Search code examples
sqlsqliteoptimizationwindow-functionsrow-number

How can I improve performance of this row_number() ranking window function query?


Table user_power_rank:

name type pk
id string 1
userid integer 0
power integer 0
atime integer 0

Indexes of this table:

index name columns
i_power_desc_atime_asc power desc, atime asc
i_id_power id, power

Query to get user rank:

SELECT * FROM (
  SELECT id,power,row_number() OVER (ORDER BY power DESC, atime ASC) ranking
  FROM user_power_rank
) WHERE id="the-data-id"

Run time of this query:

data count avg query time(ms)
10000 17.81
50000 101.32
100000 218.69

Performance is bad. Query plan:

id parent detail
2 0 CO-ROUTINE SUBQUERY 1
5 2 CO-ROUTINE SUBQUERY 3
9 5 SCAN user_rank_power USING INDEX i_power_desc_atime_asc
24 2 SCAN SUBUERY 3
63 0 SCAN SUBQUERY 1

How do I optimize performance?


Solution

  • Since your ranking is simply the global row_number(), it is equivalent to the number of rows that do sort "above". Instead of establishing the row_number() for all rows and then picking one result, we can count the number of rows that sort "above" that row for that exact sort-order; that number of rows is the value row_number() would have had.

    SELECT id, power,
           (SELECT COUNT(*)
            FROM user_power_rank AS inner
            WHERE (inner.power > user_power_rank.power
                   OR (inner.power = user_power_rank.power
                       AND inner.atime <= user_power_rank.atime))) AS ranking
    FROM user_power_rank
    WHERE id = ?;
    

    For 200,000 rows in user_power_rank the above query executes in 0.04s instead of 0.24s; for 1,000,000 rows it executes in 0.18s instead of 1.6s.
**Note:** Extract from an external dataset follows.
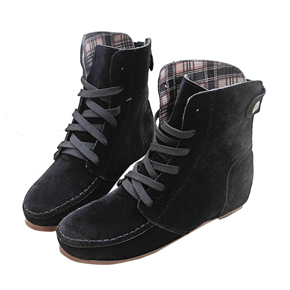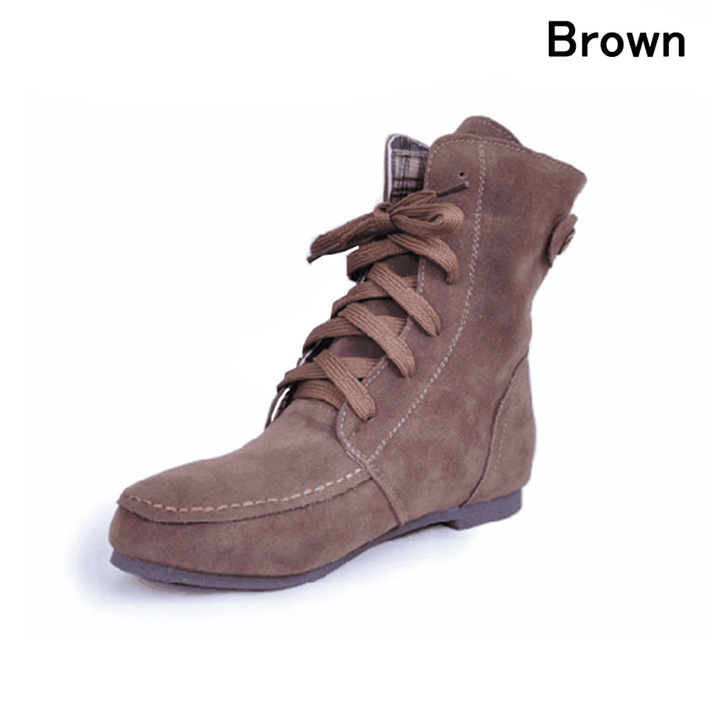 Women Suede Leather Ankle Boots Casual Lace Up Winter Boots Comfortable Soft Rubber Solid Black Flat Shoes Plus Size Female 2019

Your mileage may vary depending on values for power are distributed.

    One needs to be careful about how NULL-values would have been treated by ORDER BY compared to >/<, if NULL-values in power/atime are allowed at all.

    Notice that in the construction of this query

    • inner.power > user_power_rank.power is equivalent to OVER (ORDER BY power DESC)
    • OR (inner.power = user_power_rank.power AND inner.atime <= user_power_rank.atime) is equivalent to OVER (..., atime ASC), but only for those values where power does not establish an order (because the values are equal).

    Also notice that with the original query there is ambiguity with respect to the value of ranking if there are multiple rows with the same (power, atime)-values; this would have been solved by OVER (ORDER BY power DESC, atime ASC, id) (notice id at the bottom of the sort-tree) to guarantee unambiguous order. This ambiguity is preserved with this query, which may cause it to return different result than OP's query. This is not an error, the exact sort-order had been ambiguous to begin with.